[Records from a collection]
________
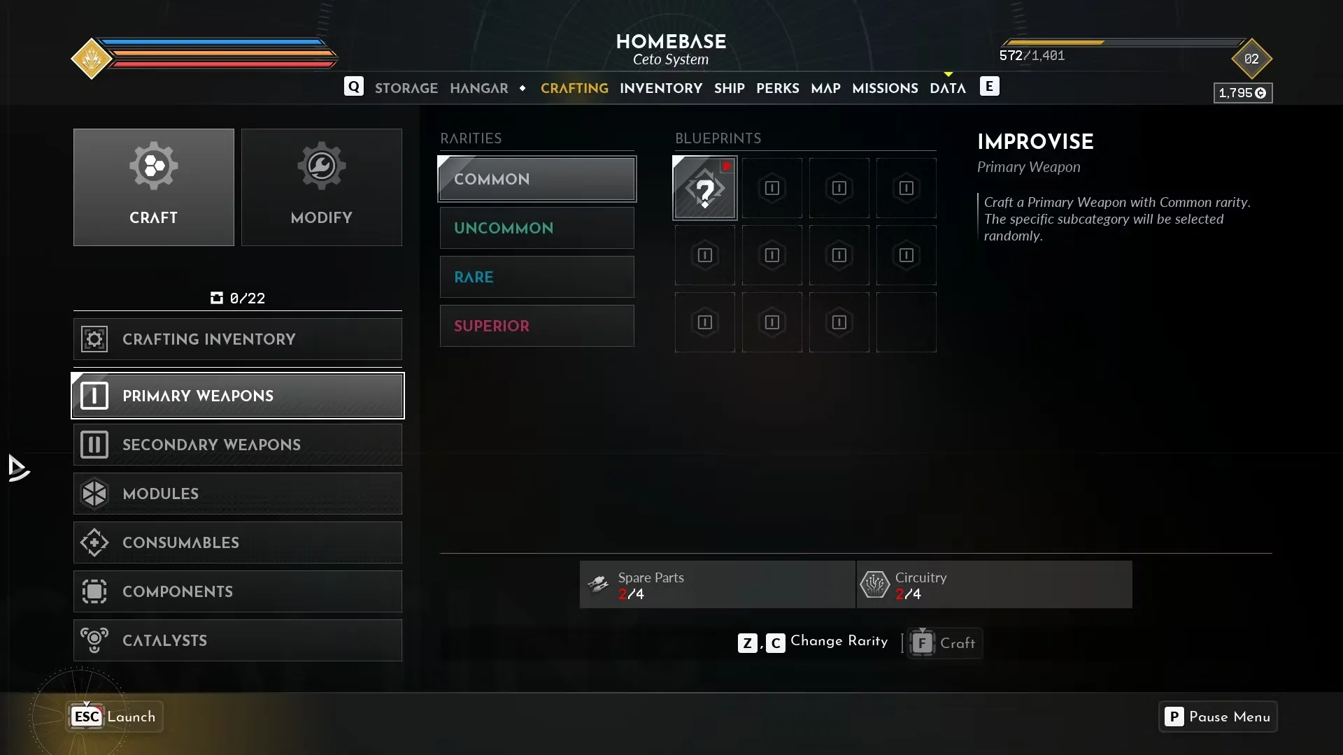 В продолжение предыдущего пункта, игроки также могут использовать систему ремесел для модификации и модернизации имеющегося снаряжения, повышая его редкость и/или уровень и добавляя катализатор для получения различных преимуществ. Для этих модификаций и улучшений требуются компоненты, которые можно приобрести в игровом мире или разобрав ненужное снаряжение.
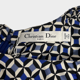 Christian Dior Women's Geometric Print Blue and White Silk Dress
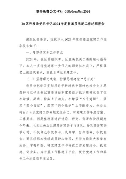 【七哥公文】2025年:Xx区科技局党组书记2024年度抓基层党建工作述职报告+更多免费公文+VX:QiGeGongWen2024+更多免费公文+VX:QiGeGongWen2024
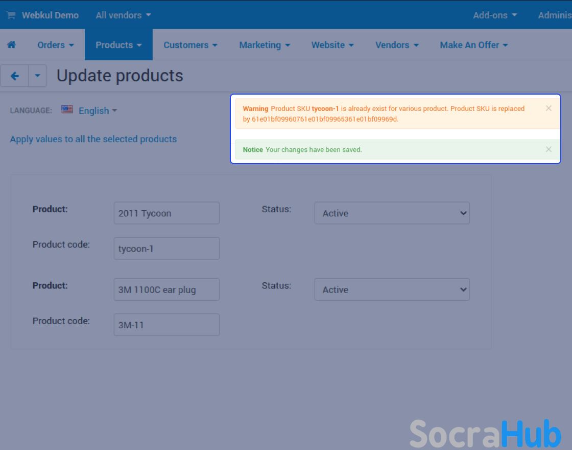 If a similar SKU code is provided to any product, a warning notification will be displayed and the product SKU for one of the products will be replaced by a new automatic generated product SKU.
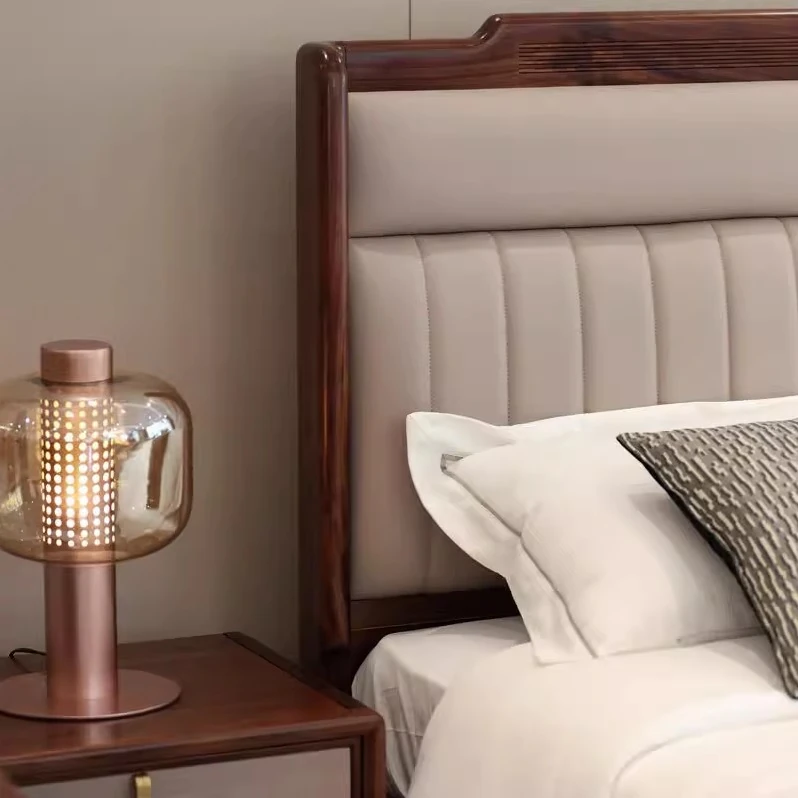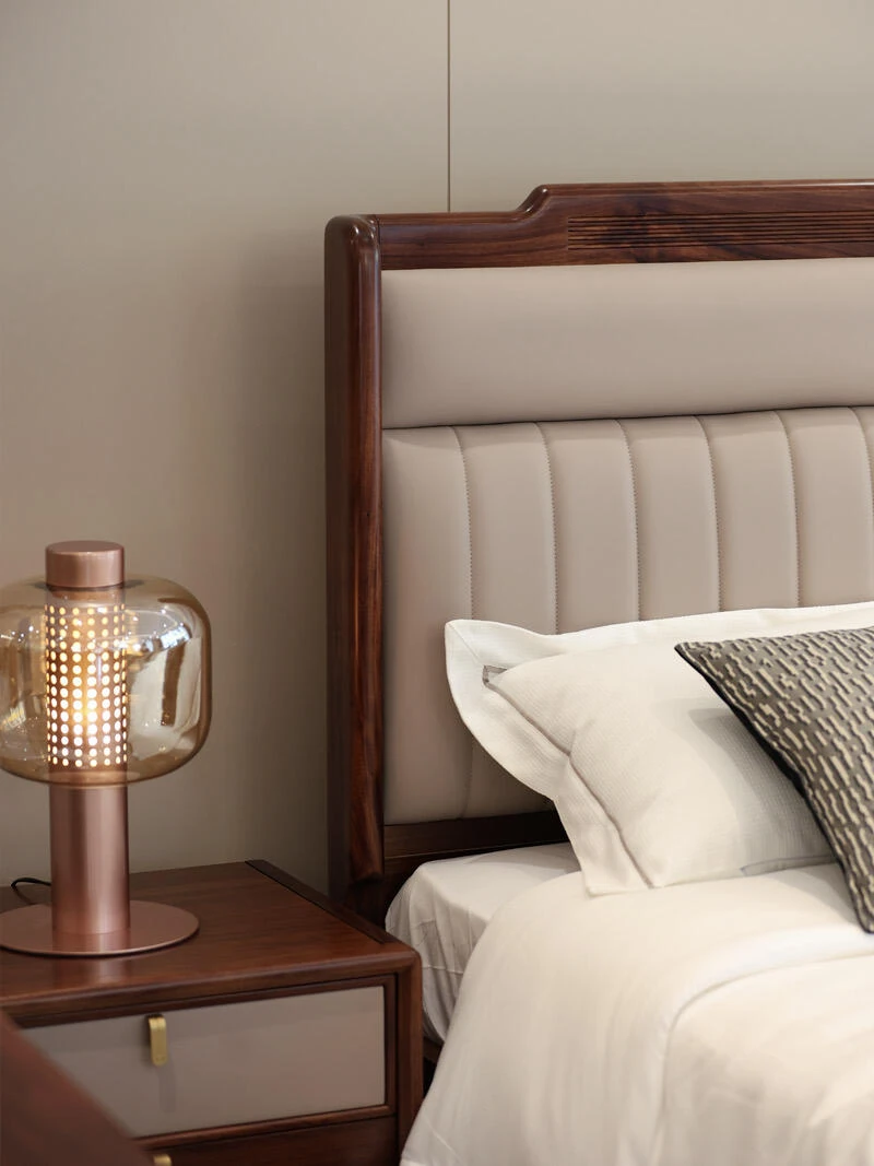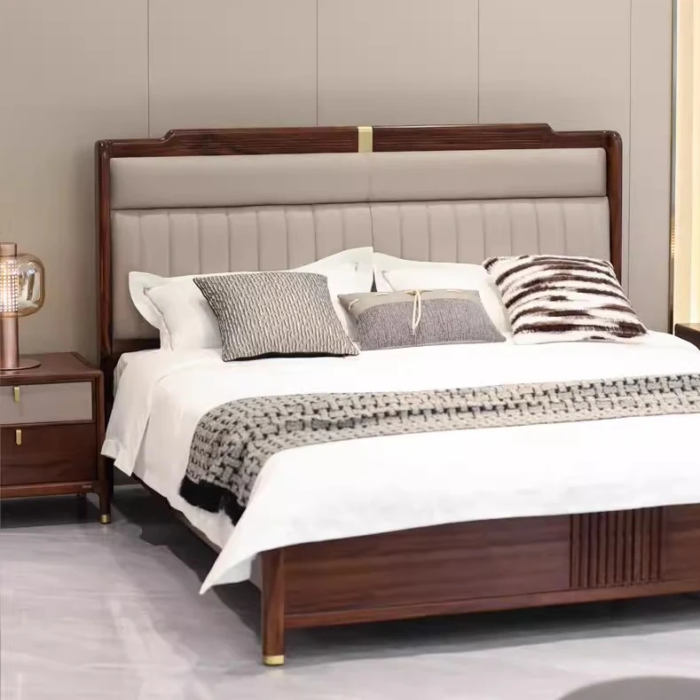 新中式スタイルの無垢材ベッド2025年新作!現代的でシンプルなデザイン、1.8メートルのダブルベッド。快適な主寝室を演出する理想的な選択!
________
**REQUIRED WORK**
Copy the records exactly as they appear, excluding images.

**PROBLEM SOLUTION**
 В продолжение предыдущего пункта, игроки также могут использовать систему ремесел для модификации и модернизации имеющегося снаряжения, повышая его редкость и/или уровень и добавляя катализатор для получения различных преимуществ. Для этих модификаций и улучшений требуются компоненты, которые можно приобрести в игровом мире или разобрав ненужное снаряжение.
 Christian Dior Women's Geometric Print Blue and White Silk Dress
 【七哥公文】2025年:Xx区科技局党组书记2024年度抓基层党建工作述职报告+更多免费公文+VX:QiGeGongWen2024+更多免费公文+VX:QiGeGongWen2024
 If a similar SKU code is provided to any product, a warning notification will be displayed and the product SKU for one of the products will be replaced by a new automatic generated product SKU.
 新中式スタイルの無垢材ベッド2025年新作!現代的でシンプルなデザイン、1.8メートルのダブルベッド。快適な主寝室を演出する理想的な選択!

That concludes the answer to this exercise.